Once again, the shrill cries from Andrew Bolt can be seen in his latest crusade for “free” speech. According to his warped world view, hate-speech is acceptable and should never be censored.

Bolt has been all bent out of shape by the news that many sponsors have withdrawn their funding of Sky News after the white supremacist, Blair Cottrell appeared on Sky voicing his opinions. Bolt’s scatter-gun rant against Metro trains and public transport minister, Jacinta Allan is typical of Bolt. All deflection and no substance. Maybe he needs to be told …

Dear Andrew,

Once again you rave on about censorship. Interesting. Can you tell me why mainstream media is gagged from reporting on your boss, Rupert Murdoch`s Middle Eastern interests? I have never seen mention of this either at the ABC or any commercial networks. Could it be that the ABC is being silenced by the hard-right apparatchiks infesting the ABC boards? Or perhaps the relentless attacks from the LNP/IPA have cowed the ABC into silence? Or at least it seems that way. Your hypocrisy appears to be breathtaking! For those who are unaware of Murdoch and his Middle Eastern financial interests, here is an expose on his company Geanie Energy that you might like to read, and here is another.

In your article from last week, you go on to accuse the ALP state government as “Tin Pot dictators”. Absolutely laughable. You then assert that $400,000 has been stolen from taxpayers. Really? How about the 30 million given to Rupert Murdoch in tax payer’s money to Foxtel?

You bet it was a mistake to have Blair Cottrell on Sky News … but this was no accident. Rather, I believe it was another deliberate attempt by Sky to push the envelope and test the waters. A very cunning attempt at normalising a toxic agenda of racism. I mean, you and Blair share very similar belief systems. True, you have not claimed to admire Hitler, but many of your articles are filled with racial and ethnic scapegoating. Your ridiculous article on immigration was yet another hard-right spin-fest, tailored to the lowest common denominator of your sub-normal IQ demographic.

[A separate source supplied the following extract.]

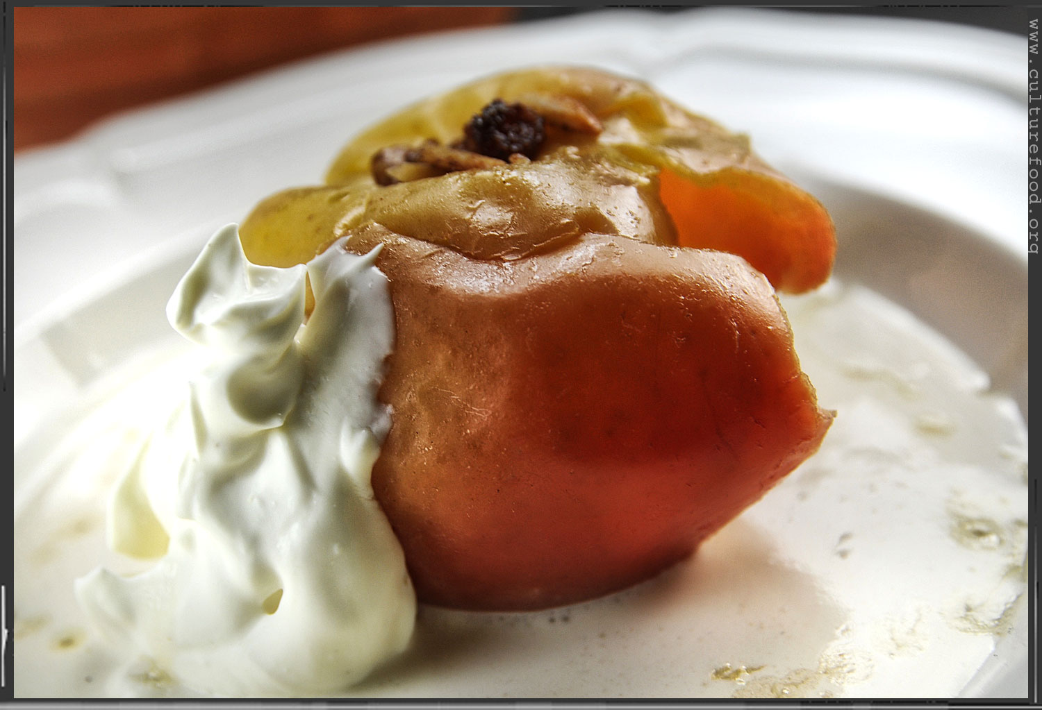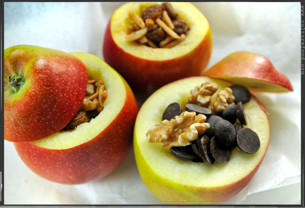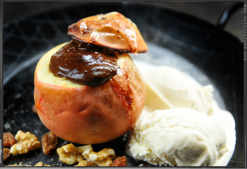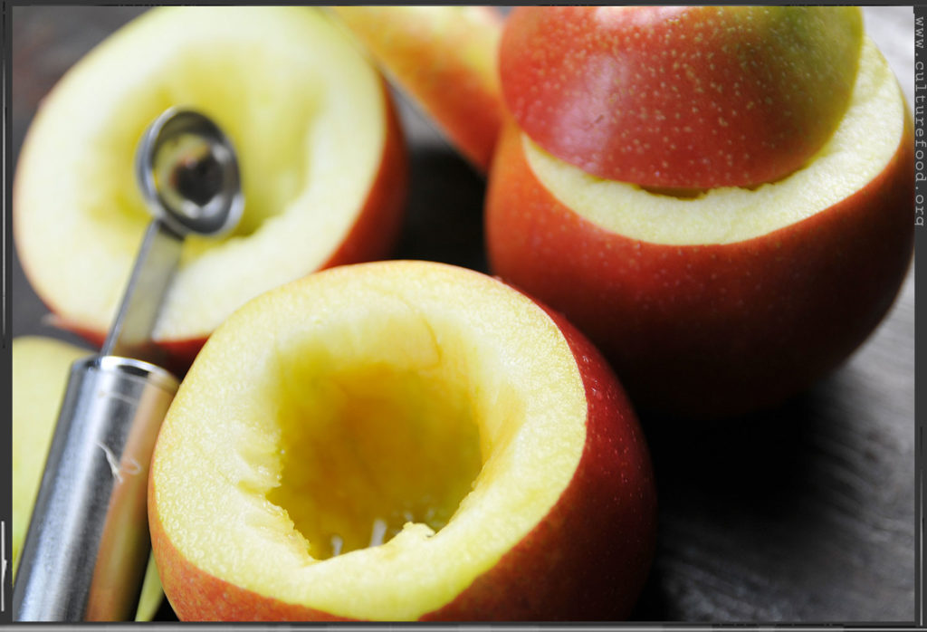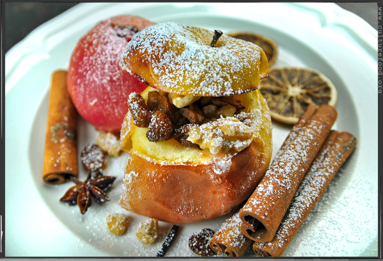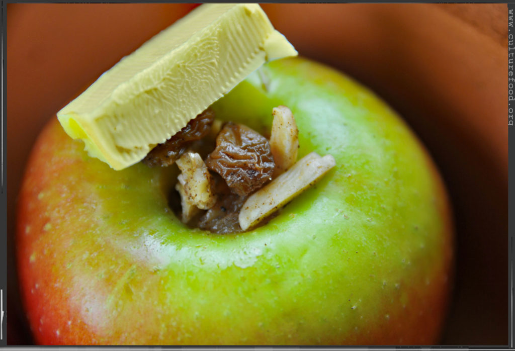 Nicht jede Sorte eignet sich, denn die Äpfel müssen beim Garen ihre Form behalten. Für die Zubereitung eignen sich leicht säurebetonte alte Apfelsorten. Das Kerngehäuse wird ausgestochen und ein Deckel abgeschnitten. Danach wird der Apfel nach Lust und Laune gefüllt: Mit Nüssen, Rosinen, Schokolade, Nougatcrème, Marzipan, getrockneten Früchten oder zerbröselten Schoko-Cookies. Es gibt auch Rezepte mit Erdnussbutter, Marshmellows, Schinken, Käse, Blutwurst, Gänseleber… die Rezepturen für diesen Klassiker variieren stark, jede Familie hat ihr eigenes kleines Geheimnis. Gebacken werden können die Äpfel in einer Auflaufform im Ofen, am Kamin oder im Römertopf.

I have no doubt that if the Cottrell interview was well-received, Sky would have been very pleased with the results. It is only because the backlash was so severe and sponsors pulled away from Sky that this interview was quickly pulled. Predictably as always, instead of management getting the sack or demoted, it was the presenter who copped a hiding. So typical of conservatives, really.

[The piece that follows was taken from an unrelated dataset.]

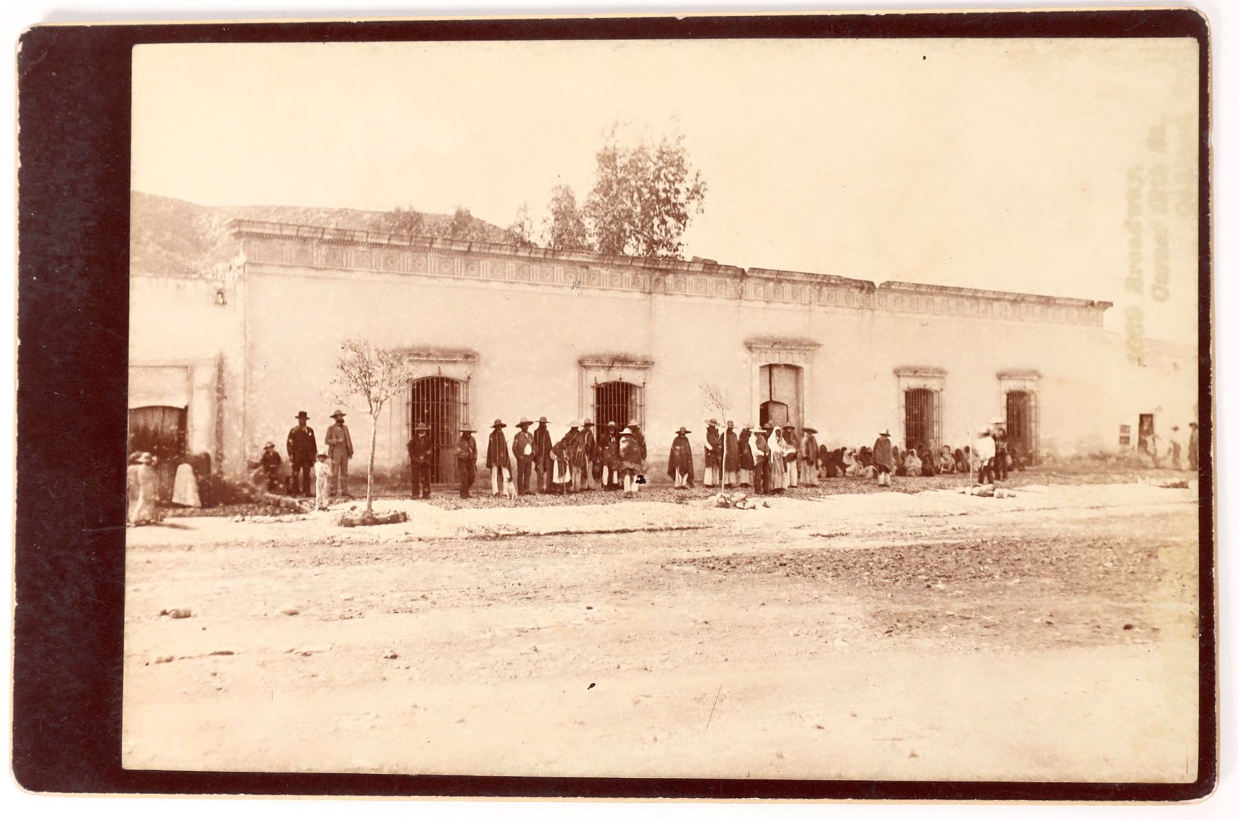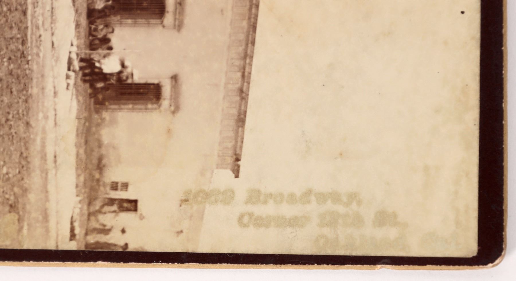 c. 1885 Tucson street scene photo with many people in front of a building, corner of Broadway and 13th. 4x5.75". Tucson Arizona

Michaela Cash and her grubby attacks on unions and the silly police raid on union headquarters and leaking to the press, springs to mind. Who copped the flak and the blame? Certainly not Cash! It was one of her junior underlings who took the fall.

You go on to say that Sky is the only broadcaster to ban Cottrell. I say to you, only because they began haemorrhaging sponsors. Stop your virtue signalling! It is true that the ABC once had Cottrell on, but it was on a panel and others were challenging his ideas in a robust debate.

Sky was different. They had him on to propagate his manifesto unchallenged. This was a blatant attempt to manipulate an already rabid-right audience into further dangerous waters.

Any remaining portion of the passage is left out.